Architect accuses Google of stealing sustainable building designs
By Marisa Kendall, From The Recorder
SAN FRANCISCO — A Texas law firm has accused Google Inc. of stealing the technology behind a project it billed as a “radical solution” that would reduce global carbon footprints and increase housing availability.
Flux Factory Inc. was born in 2012 out of Google’s secretive research laboratory, Google X, which also gave birth to Google’s self-driving cars. Flux raised $8 million this year to fund the creation of sustainable buildings, according to a company release.
But lawyers with Dallas firm Buether Joe & Carpenter say Flux is founded on intellectual property stolen from New York architect Eli Attia. In a complaint filed Friday in Santa Clara County Superior Court, the lawyers accuse Google of luring Attia into deal talks before commandeering his technology and pushing him out of the project. The complaint accuses Google, Flux and executives including Larry Page and Sergey Brin of misappropriation of trade secrets, breach of contract, slander of title, unfair competition and fraud.
“Despite Google’s own motto of ‘don’t be evil,’ the defendants remorselessly discarded Mr. Attia, misappropriated his proprietary information and know-how, and proceeded to develop and exploit Mr. Attia’s ideas and know-how for their own benefit,” Attia’s lawyers wrote. “Defendants have deprived humanity of the efficient, sustainable technology it urgently needs.”
Neither Google nor Flux returned emails seeking comment.
In 2009, Attia was looking for a partner to help develop technology he’d created for constructing sustainable buildings. Google X contacted Attia in July 2010 to propose a collaboration, according to the complaint. The two parties agreed Google X would develop Attia’s technology for a period of several months in an experiment called Project Genie, and then decide whether to move forward or scrap the project. They executed a non-disclosure agreement in August 2010, according to the complaint. Google had estimated the finished product could yield $120 billion a year, according to Attia’s lawyers.
But in 2011, Attia’s lawyers say Google executives reneged on their promise and instead hatched a plan to squeeze Attia out.
“In fact,” Attia’s lawyers wrote, “when Mr. Attia unexpectedly walked into a conference room where such a meeting was being held, the participants immediately stopped all conversation, each staring at the others like a fox caught in the henhouse.”

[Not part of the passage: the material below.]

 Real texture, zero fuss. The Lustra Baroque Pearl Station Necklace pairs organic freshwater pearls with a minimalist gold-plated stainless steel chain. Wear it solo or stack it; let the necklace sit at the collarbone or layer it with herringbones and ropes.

Defendants told Attia they had killed the project in December 2011, according to the complaint, and then went on to form Flux Factory in 2012 based on technology developed by the Genie project.

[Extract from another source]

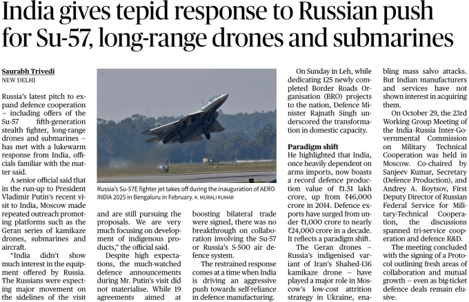 | 6. | India gives tepid response to Russian push for Su-57, long-range drones and submarines |
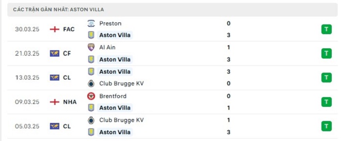 - Phong độ Aston Villa

The Buether Joe & Carpenter attorneys filed the complaint on behalf of Max Sound Corp., an audio technology company that bought the authority to enforce Attia’s intellectual property rights in May.

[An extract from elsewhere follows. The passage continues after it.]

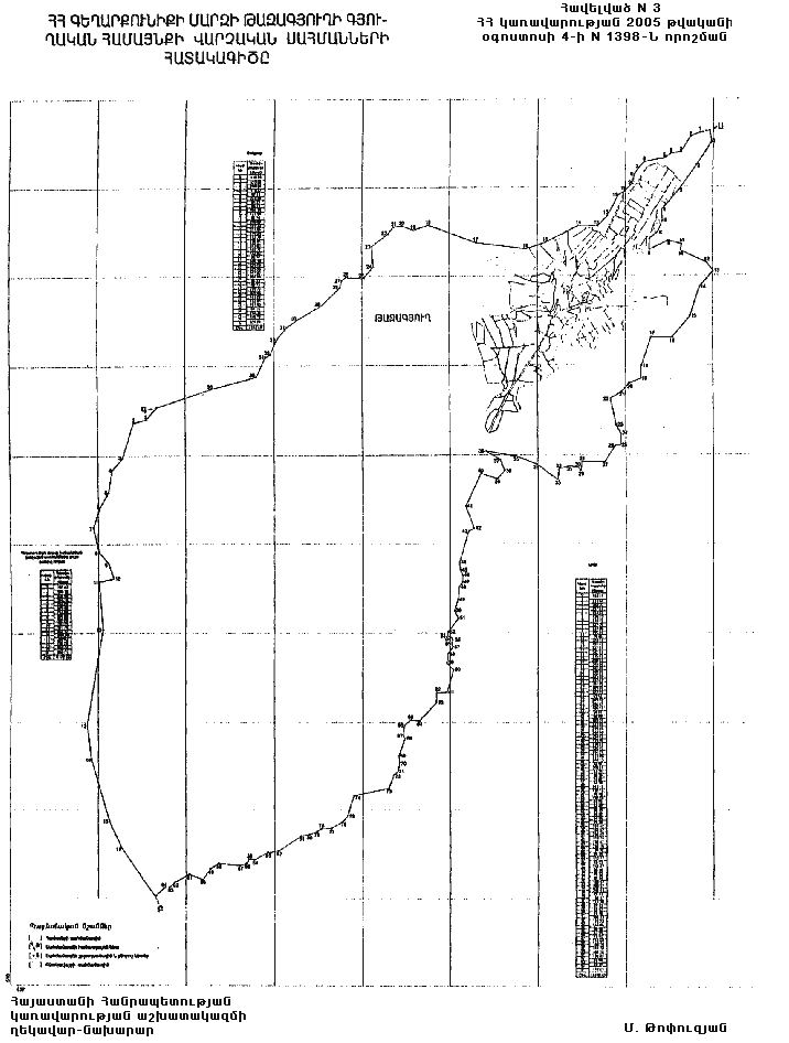 3) Թազագյուղի գյուղական համայնքի վարչական սահմանների նկարագիրը` համաձայն NN 3 և 31 հավելվածների,

It’s the second IP case Max Sound has brought against Google this year. In an earlier patent infringement suit in the U.S. District Court for the Northern District of California, Max Sound accused Google of ripping off London-based VSL Communications, which also granted IP enforcement rights to Max Sound. That case made headlines for the novel nature of the claims—plaintiffs lawyers with Grant & Eisenhofer claimed Google accidentally provided VSL with Post-it notes that detailed plans to steal the smaller company’s IP. Plaintiffs have since removed mention of the Post-its from their claims, presumably over concerns about work product and attorney-client privilege.